National Geographic reported in 2007:
"Indian tigers are not entirely down and out," said Sujoy Banerjee, head of the species conservation program at the Indian branch of the international conservation organization WWF."But if we don't wake up now, the only tigers we will see will be at the zoo."
The number of tigers surveyed that year seemed to differ from conservation groups and the Indian government. It was stated that the government did not want to report that the number of animals had decreased as much as the wildlife groups had indicated.

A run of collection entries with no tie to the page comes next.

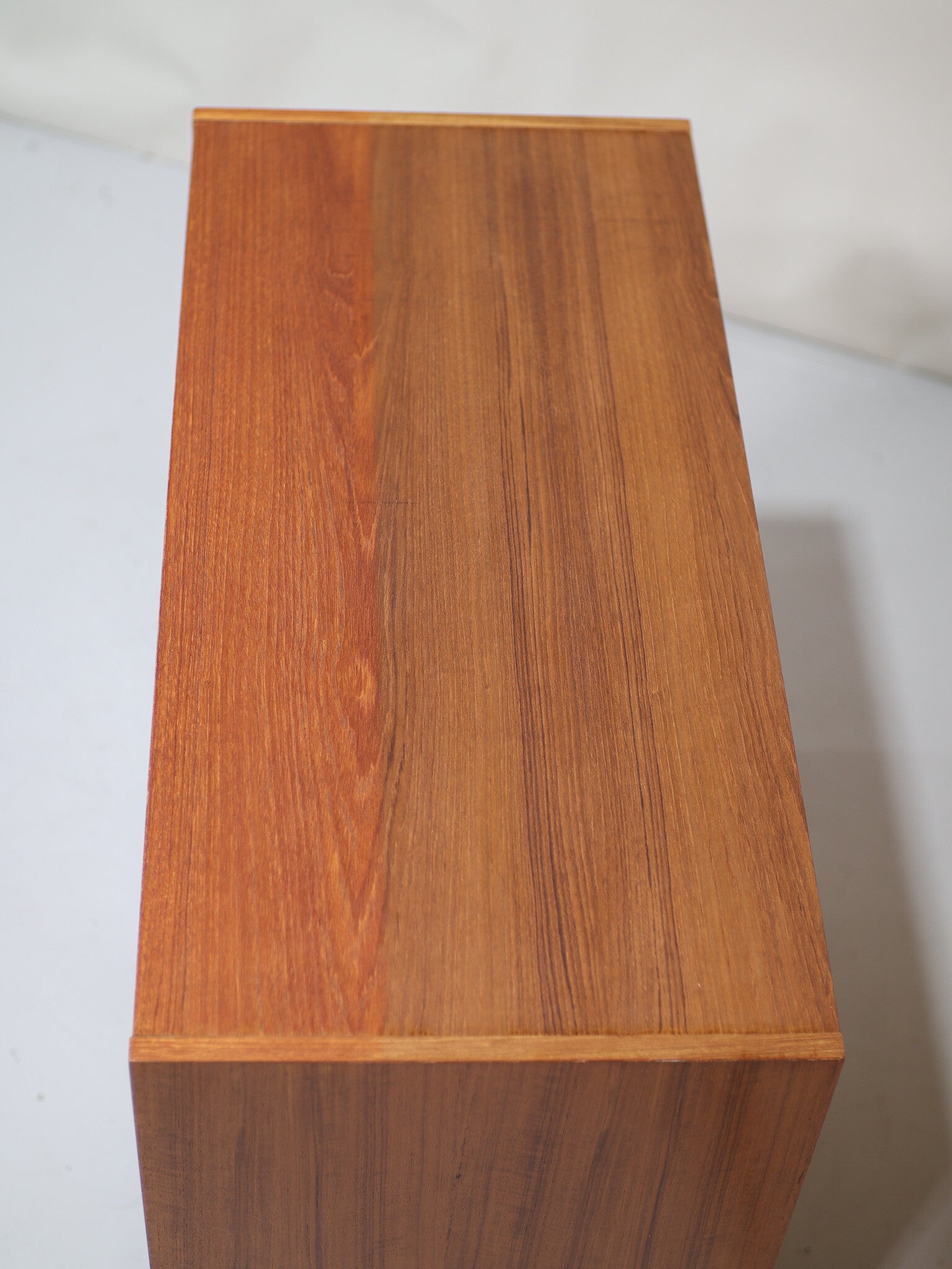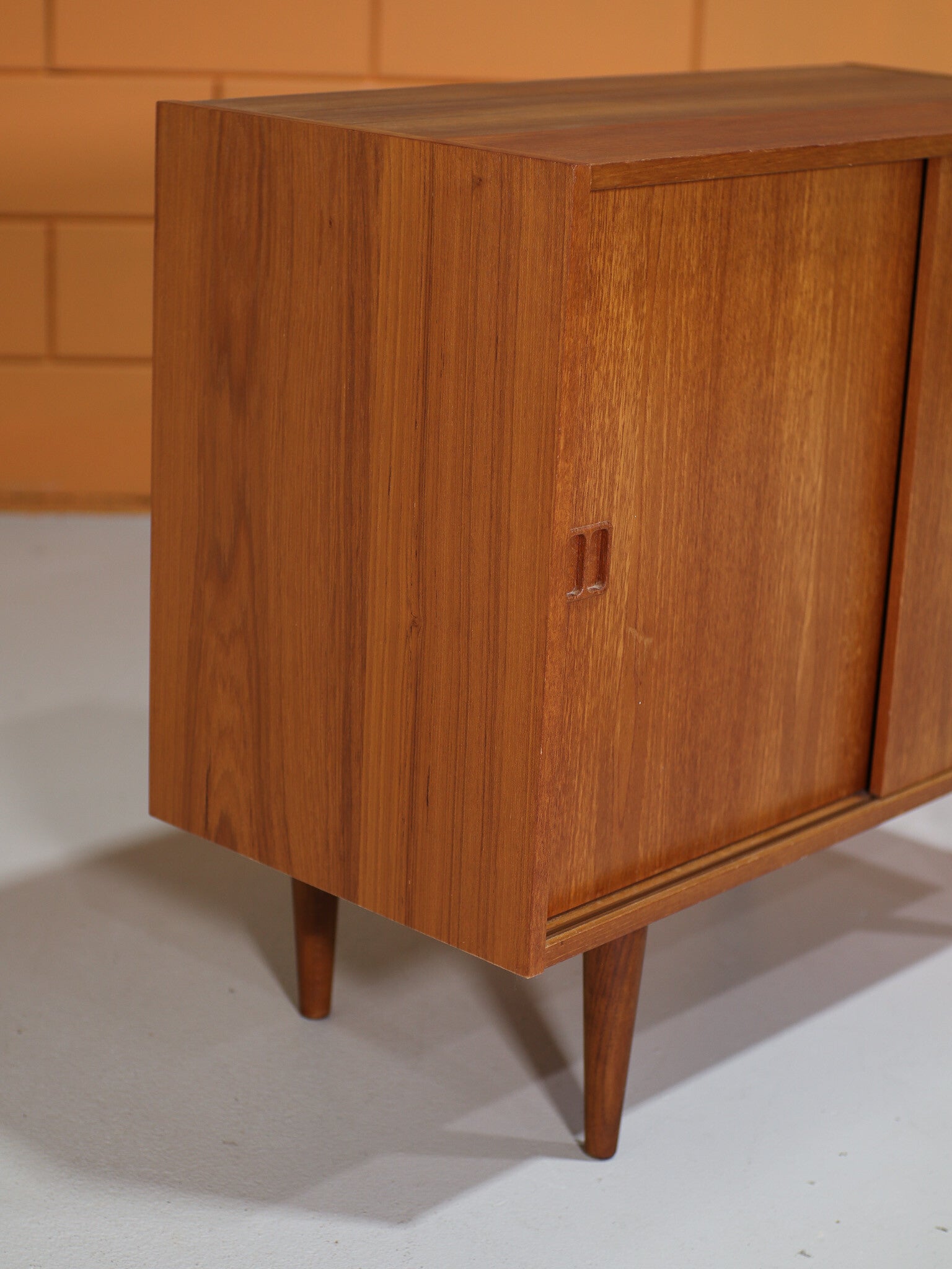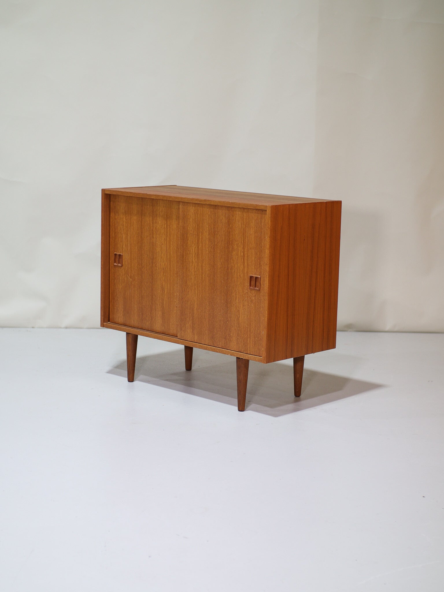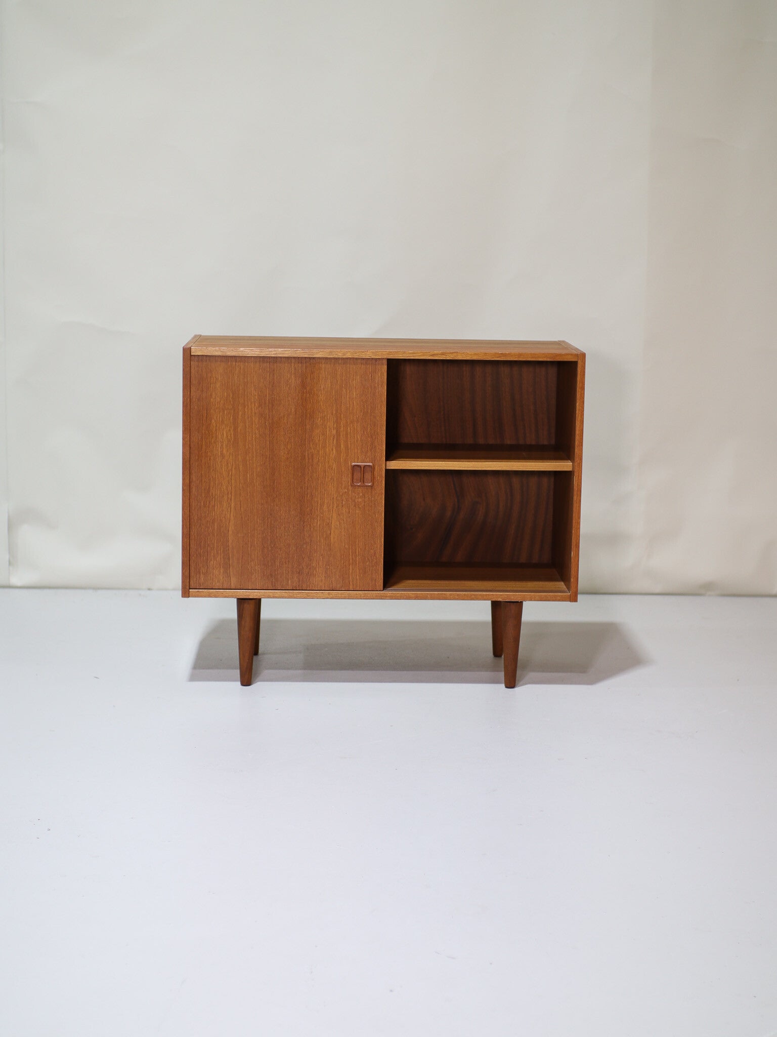 Mooi dressoir uit Denemarken, jaren '60. Dit mid-century kastje is gemaakt van teakhout en heeft twee schuifdeuren. In de kast zit één plank. Ook geschikt om om te bouwen tot badkamermeubel!
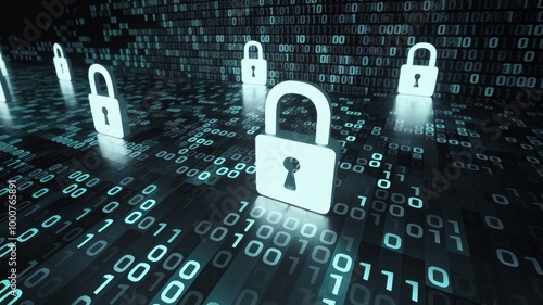 Digital Locks on Binary Code Background
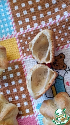 Профитроли надрезать острым ножом так, чтобы получилось что-то типа крышечки. Можно срезать часть верхушки полностью и потом просто накрыть.

As the numbers dwindled in 2008 wildlife experts urged the government to save the felines.
BBC reported then:
"It is now time to act and save tigers from human beings. We have to create inviolate areas for tigers and provide modern weapons to forest guards," conservationist Valmik Thapar told Hindustan Times newspaper.
Valmir Thapar spoke to the Wall Street Journal about the demise of tigers in his native India.
Sleeping Tiger
by pandiyan
In India, 18 per cent of the land that is left as forest land. As that land degrades, the water supply also degrades. The disappearance of the tiger is a sign of the destruction of the ecosystem, something that has an impact on the entire animal population including humans.
It is becoming doubtful that the tiger population in India can be saved.
Since as far back as 2005 the nation's forest ministry sent warning bells to the government but the local authorities did not heed them.
Dr Raghu Chundawat, an independent scientist is one of those who has been sounding alarms. He says that the state government is still refusing to listen to the seriousness of the problem.
Ashok Kumar, deputy chair of the Wildlife Trust of India, believes that India can reverse the population decline with the tigers. "The long-term future of the tiger can be saved."
That hope is echoed by Madhya Pradesh's forest minister Rajendra Shukla reports the BBC:
"Panna is our only park which has lost on this count," he says. "Three of state's reserve forests - Kanha, Bandhavgarh and Pench - have been adjudged among the best managed tiger reserves in the country."
That statement though may be overly hopeful. Experts believe that the population is already to small for tigers to have a viable future. Even if the population could right itself the lack of law enforcement stopping poachers puts the situation on a downward spiral. Factoring in the ever expanding human population in the tiger's habitat brings the chance of survival for this magnificent feline down even lower.
Ireland Online reports:
“The government must address the core problem of sufficient protection.
“Unless heads roll, translocation of animals is not going to help as these too might be lost and the situation will not change,” Mr Bhargav, a member of the National Board for Wildlife in India said.